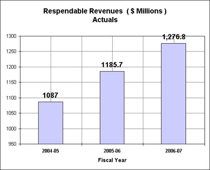 17.2 million”Refunds of amounts to revenues in previous years” shown in the 2006-2007 Public Accounts are not included.
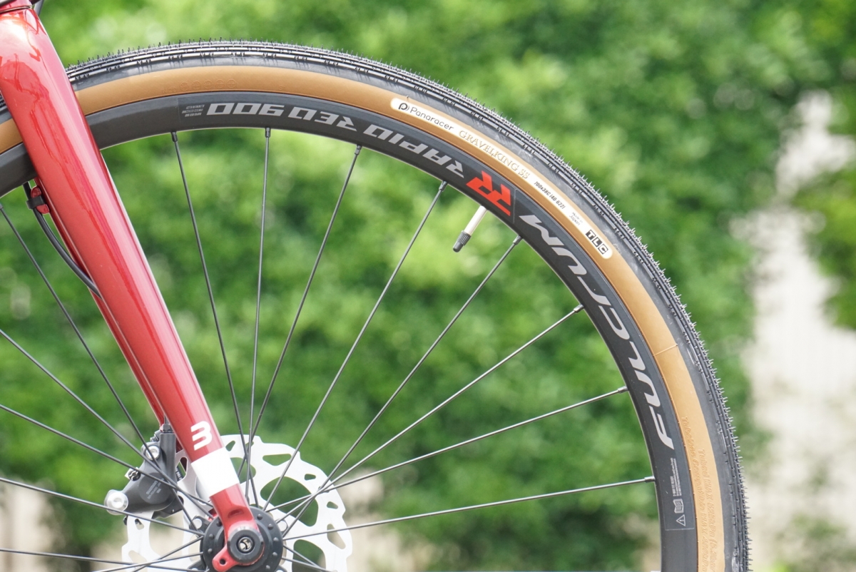 フルクラムのホイールに、オンロードを意識した38cタイヤを標準装備!
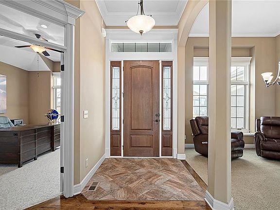 This gorgeous reverse 1.5 story walk-out from C&M Builders, is one of only a few that back up to natural green space offering unprecedented privacy and serenity. Amenities abound in this custom-built home, such as floor-to-ceiling windows (natural light!), stone stacked linear fireplace, natural wood floors, 12’ ceilings. The huge primary bdrm has vaulted ceilings, a green space view, and an access door to the catwalk that connects to the screened-in porch. The screened-in porch comes with an outdoor fireplace, ceiling fan, & built-in tv hook-ups - perfect for the entertainer in your life. The primary bath has heated floors, custom cabinets, a walk-in shower w/ bench, multiple showerheads, upgraded quartz countertops, & a MASSIVE walk-in closet with hidden storage. The main floor also has a 2nd bdrm right off the entrance - perfect for an office, den, or library. The great room includes a modern fireplace & full-length stone accent wall. The kitchen is a culinarian’s dream with granite countertops, oversized island, stained Birch cabinets, w/ glass doors, & accent lighting. Check out that convection oven! PLUS, an instant hot water tap! Stock up with the oversized pantry complete with a quick grocery access door from the garage. One of my personal favorite features! Enjoy all the convenience & space in this 500+ sq ft walkout basement with a recreation/family room that includes a custom bar, and 2 generously sized bdrms. Need a little more room? There is 800+ sq ft of storage space or you can add more bdrms! Don’t miss all that extra storage available under the suspended garage. The ext. of the home has a stucco exterior, remote/Alexis-controlled window treatments. A poured concrete patio under the deck plus a screened-in porch complete this oasis in Raymore. Don’t wait, this beautiful home is priced substantially under what the current owner paid!

+ + + + +

● **Goal of the exercise**
Retype nothing except the lines from the first line of the listing above through the line with "フルクラムのホイールに、オンロードを意識した38cタイヤを標準装備!", exactly as they stand, and no pictures.

● **Answer to this exercise**
 17.2 million”Refunds of amounts to revenues in previous years” shown in the 2006-2007 Public Accounts are not included.
 フルクラムのホイールに、オンロードを意識した38cタイヤを標準装備!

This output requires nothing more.